In the intensive care unit, catheterization of the subclavian vein is performed due to the need to infuse thrombolytic and other agents into the vein, as well as to measure central venous pressure.

In some cases, it is possible to establish intravenous administration of drugs into the cubital vein by means of a simple puncture.

Thrombolytic therapy

Thrombolytic therapy is the mainstay of treatment and should be initiated immediately.

Thrombolytic therapy is effective when used in the first 4-6 hours from the onset of the disease and is indicated primarily for massive thromboembolism, i.e. occlusion of large branches of the pulmonary artery. When thrombolytic therapy is prescribed after 4-6 hours from the onset of the disease, its effectiveness is questionable.

According to the criteria developed by V. S. Savelyev et al. (1990), thrombolytic therapy is indicated for perfusion deficit of 30-59%, angiographic index of 16-17 points according to Miller, systolic and end-diastolic pressure in the right ventricle of 40-59 and 10-15 mm Hg, respectively, and mean pressure in the pulmonary trunk of 25-34 mm Hg. With lesser degrees of perfusion deficit and lower pressure in the right ventricle and pulmonary trunk, anticoagulant therapy is sufficient. Thrombolytic therapy is of no use for perfusion deficit greater than 60%, angiographic index higher than 27 points according to Miller, systolic and end-diastolic pressure in the right ventricle higher than 60 and 15 mm Hg. accordingly, the average pressure in the pulmonary trunk exceeds 35 mm Hg.
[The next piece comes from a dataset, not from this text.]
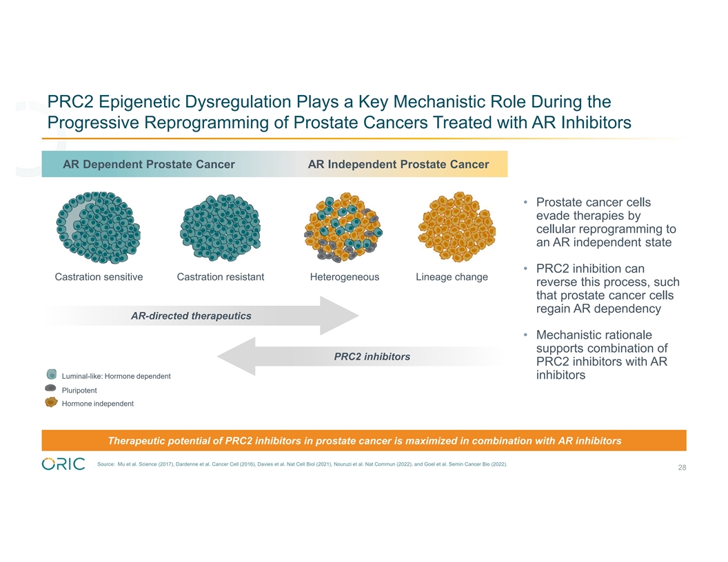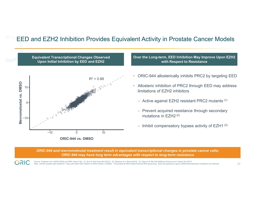 EED和EZH2抑制长期在前列腺癌模型中提供同等活性,EED抑制可能会在EZH2时改善EED和EZH2初始抑制时观察到的与耐药性相关的等效转录变化• ORIC-944通过靶向EED 2 R = 0.88变构抑制PRC2 •通过EED对PRC2的变构抑制可能会解决EZH2抑制剂的局限性(1)–对EZH2耐药PRC2突变体具有活性–通过EZH2(3)中的次级(2)突变来预防获得性耐药–抑制EZH1 ORIC-944与DMSO ORIC-944的代偿性旁路活性和mevrometostat治疗可在前列腺癌细胞中产生等效的转录变化;ORIC-944对于长期耐药可能具有长期优势资料来源:Friedman et al. AACR(2024)和存档的ORIC数据。(1)Qi et al. NAT Chem Biol(2017)。(2)Bisserier et al. Blood(2018)。(3)Shen et al. Mol Cell(2008)和Honma et al. Cancer Sci(2017)。注:LNCAP前列腺细胞用EED抑制剂或EZH2抑制剂治疗7天vs DMSO。RNA测序确定的转录效应。每个点代表一个基因通过治疗的差异表达(t统计)。27 Mevrometostat vs. DMSO

The necessary conditions for thrombolytic therapy of pulmonary embolism are:

• reliable verification of the diagnosis (positive results of angiography or highly probable results of ventilation-perfusion lung scingiography);
• the possibility of laboratory monitoring of the adequacy of the treatment;
• a clear understanding of the nature of possible complications of thrombolytic therapy and ways to eliminate them.

Thrombolytic therapy is contraindicated in the following situations:

• early (up to 10 days) periods after injury or surgery;
• concomitant diseases that increase the risk of developing hemorrhagic complications (peptic ulcer in the acute phase, uncorrected arterial hypertension, recent stroke, etc.);
• when using streptoidase or its acylated complexes with plasminogen or streptodecase - recent (up to 6 months) streptococcal infections or treatment with drugs obtained from the waste products of beta-hemolytic streptococcus;
• active tuberculosis process;
• varicose veins of the esophagus;
• initial hypocoagulation;
• hemorrhagic diathesis of any etiology.

Plasmin, which is one of the serine proteases, plays a major role in dissolving the thrombus. Plasmin is formed from the inactive precursor of plasminogen - beta-globulin with a molecular weight of 92,000 Daltons, which is synthesized mainly in the liver.

The concentration of plasminogen in the blood (1.5-2 μmol/l) significantly exceeds the value required for physiological fibrinolysis.

The conversion of plasminogen proenzyme into active plasmin occurs under the influence of various plasminogen activators, among which, depending on their origin, the following three groups are distinguished:

• internal (humoral) plasminogen activators, which are present in the blood as precursors (coagulation factor XII, prekallikrein);
• external (tissue) plasminogen activators, which are secreted into the lumen of the vessel by endothelial cells or released from damaged tissues;
• exogenous plasminogen activators, which are introduced into the blood for therapeutic purposes (for example, streptokinase, urokinase and other drugs).

The main mechanism of plasminogen activation is the secretion of a potent tissue plasminogen activator by endothelial cells.

Specific plasminogen activator inhibitors and plasmin inhibitors are constantly present in human blood.

Thus, the fibrinolytic action of plasmin depends on its relationship with plasminogen activator inhibitors and plasmin inhibitors.

Free plasmin circulating in the blood breaks down fibrin, fibrinogen, factors V and VIII.

There are two ways to increase the fibrinolytic activity of the blood in PE:

• the introduction of plasminogen activators, which enhance the formation of plasmin from endogenous plasminogen;
• by introducing in vitro activated plasmin, thereby increasing its content in the blood.

Plasminogen activators

Streptokinase (cneptokinase, celiase, avelizin, kabikinase) is an indirect plasminogen activator obtained from a culture of beta-hemolytic streptococcus C.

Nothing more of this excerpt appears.